The current state of the Dailey Theatre is chaotic, as one would expect a week before opening night. The theater department’s production of Christopher Durang’s “The Marriage of Bette and Boo” brings the black comedy to new dimensions.
“This is a much more visually explosive production,” said director Steven Kent, who has previously directed a Croatian-language version of the play.
The large-scale set is an original concept by theater technical director Alan Tollefson. Three large unfixed projection screens hang from the ceiling upstage, stage right and stage left.
“It’s a long play that requires a lot of looks, different scenes, different places, and also the screens are moving, so it’s not simple,” said lighting designer Carolina Ortiz.

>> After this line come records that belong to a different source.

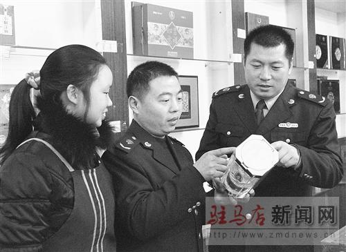 近日,西平縣工商局經濟檢查大隊聯合名酒廠家,對全縣大中型超市經營的名酒開展專項檢查,以確保消費者的合法權益。此次檢查共查獲假冒五糧液白酒35瓶、假冒劍南春白酒51瓶,案值5萬元。圖為執法人員正在超市檢查。 通訊員 張長虹 鄭海平 攝影報道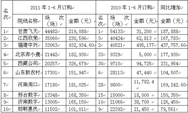 從表五看,前三名的院線中甘肅飛天院線蟬聯(lián)榜首,江西欣榮院線從去年的第三名升至第二名,而福建中興院線則下跌一位,排在第三名;雖然今年上半年的訂購場次較去年上半年有所下降,但是前十名中無一例外訂購金額全部實現(xiàn)正增長,其中福建中興院線訂購金額達到了932,934.60元,比去年多了437,757.60元;北京奔小康院線和西藏電影公司從去年上半年的30名左右,上升至第4名和第5名。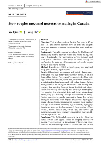 J of Marriage and Family - 2024 - Qian - How couples meet and assortative mating in Canada.pdf - Published Version Download (670kB) | Preview |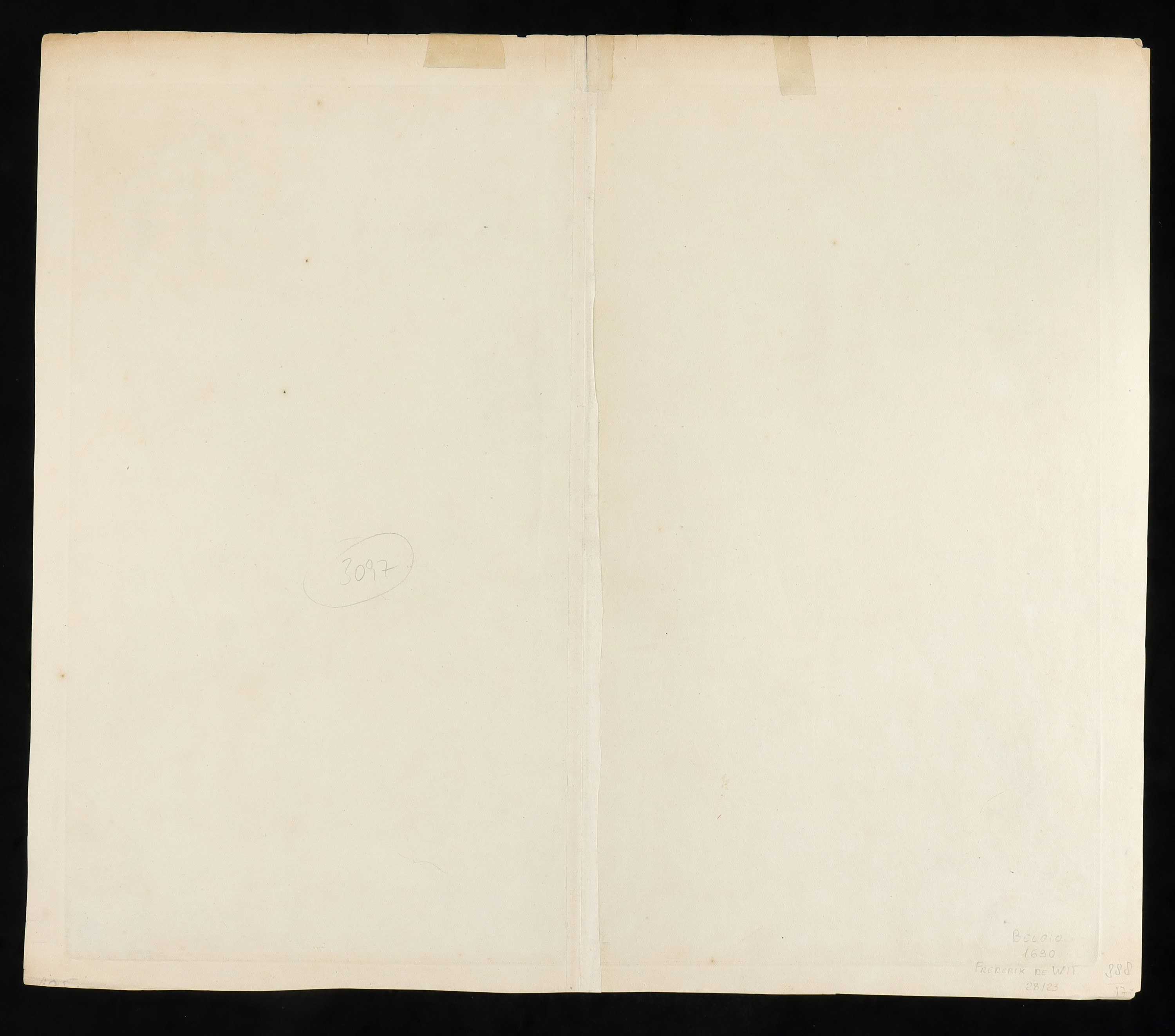 engraving and etching, 51.5 x 59.5 cm. Map of Belgium. Fine, fresh impression on two sheets of laid paper with watermark, joined together. Usual central fold. Nice coeval coloring. Very good condition except for very light oxidation along the upper edge.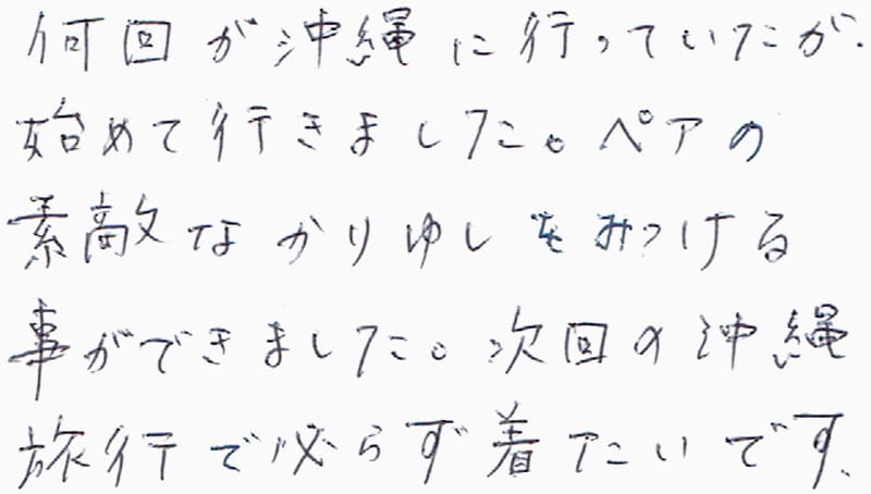 何回か沖縄に行っていたが、始めて行きました。ペアの素敵なかりゆしをみつける事ができました。次回の沖縄旅行で必らず着たいです。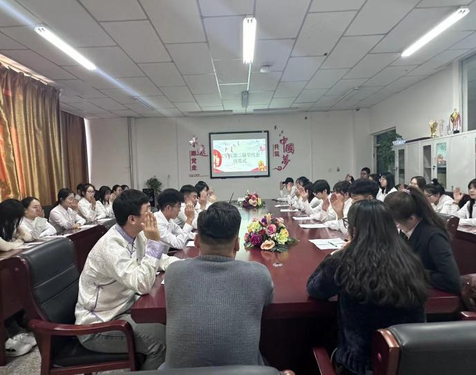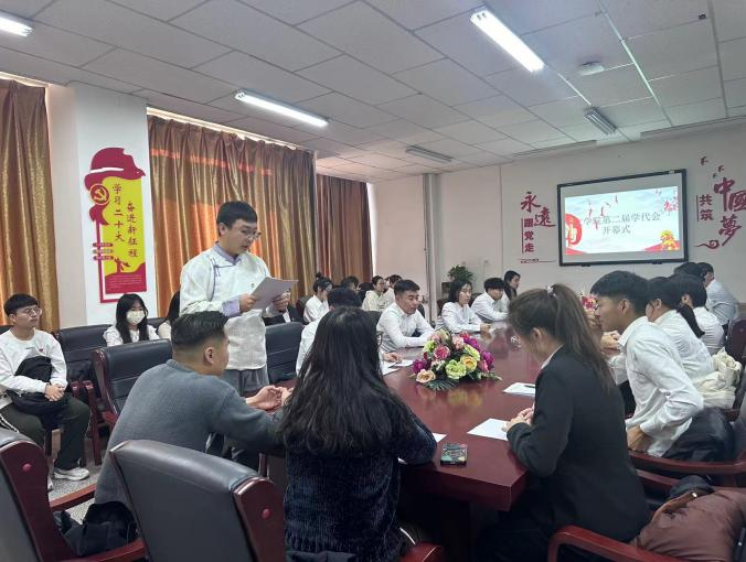 2023年12月12日,文学院第二届学生代表大会在尚智楼112会议室顺利召开。团总支书记刘晓、辅导员宝力尔、校学生会主席团成员及全体学生代表参加,会议由学生代表小峰主持。

The projection screens will display images and videos that will produce different transitions and moods in between and throughout scenes.
“Every projection screen I’ve ever worked with has been fixed in position, and these move around,” said stage manager and junior theater major Bo Powell. “It’s a new challenge.”
The raked stage built especially for the production is slanted downwards toward the audience.
“A raked stage pushes the audience and cast into a more empathic relationship,” Kent said.
Besides the aesthetics, Kent said he is also excited to see how the audience will react to the heavy topics that are addressed in the play.
“Some of the most horrible things happen in this play, and they’re right next to the funniest things,” he said.
Ortiz decided on the lighting concept after Tollefson made a scaled model of the set.
“Right now, we don’t know how the audience is going to react, and neither the actors, so once the audience comes, it’s a different show,” she said. “(The audience) is the final member of the whole production.”
In the play, one of the title characters, Bette, is portrayed by senior theater and child development major Sarah Rae Jackson who was first introduced to the character in one of her theater classes.
“I have been pretty obsessed about (Bette) for a couple of years now (since) I was suggested to play this part,” Jackson said. “As scary as it sounds, I think she reminds me a lot of myself, which is not necessarily a good thing, but it’s not necessarily a bad thing either. I think it’s good for me to kind of embrace some of my faults.”
Bette and Boo’s son, Matthew Hudlocke, portrayed by junior theater major Daniel Ramirez, is a scholar who is trying to make sense of the world and really has no one to turn to other than his books.
“This is probably the realest character that I’ve ever had a chance to play,” Ramirez said. “I’m expecting the experience to be pretty cathartic, just like a release of all those emotions that you have no where else to let them go.”
The play follows the lives of Bette and Boo and ventures through their lives together and all of the trials and tribulations that they encounter.
The entire play is told out of chronological order, presenting the characters and the audience with the challenge of keeping up with the many emotions that are acted out throughout the various scenes.
“I’m just excited to be able to go back and forth with my emotions and turn them on and off like a switch,” said senior theater major Jacob Tittl, who portrays Boo.
The cast is entirely made up of University students, including two CAPA students.
“We have really high quality standards of acting in this department,” Kent said. “Better than, frankly, at almost any university. They’re serious theater people.”
“I really like the cast a lot, they’re really fun people to hang out with and to work with,” Tittl said.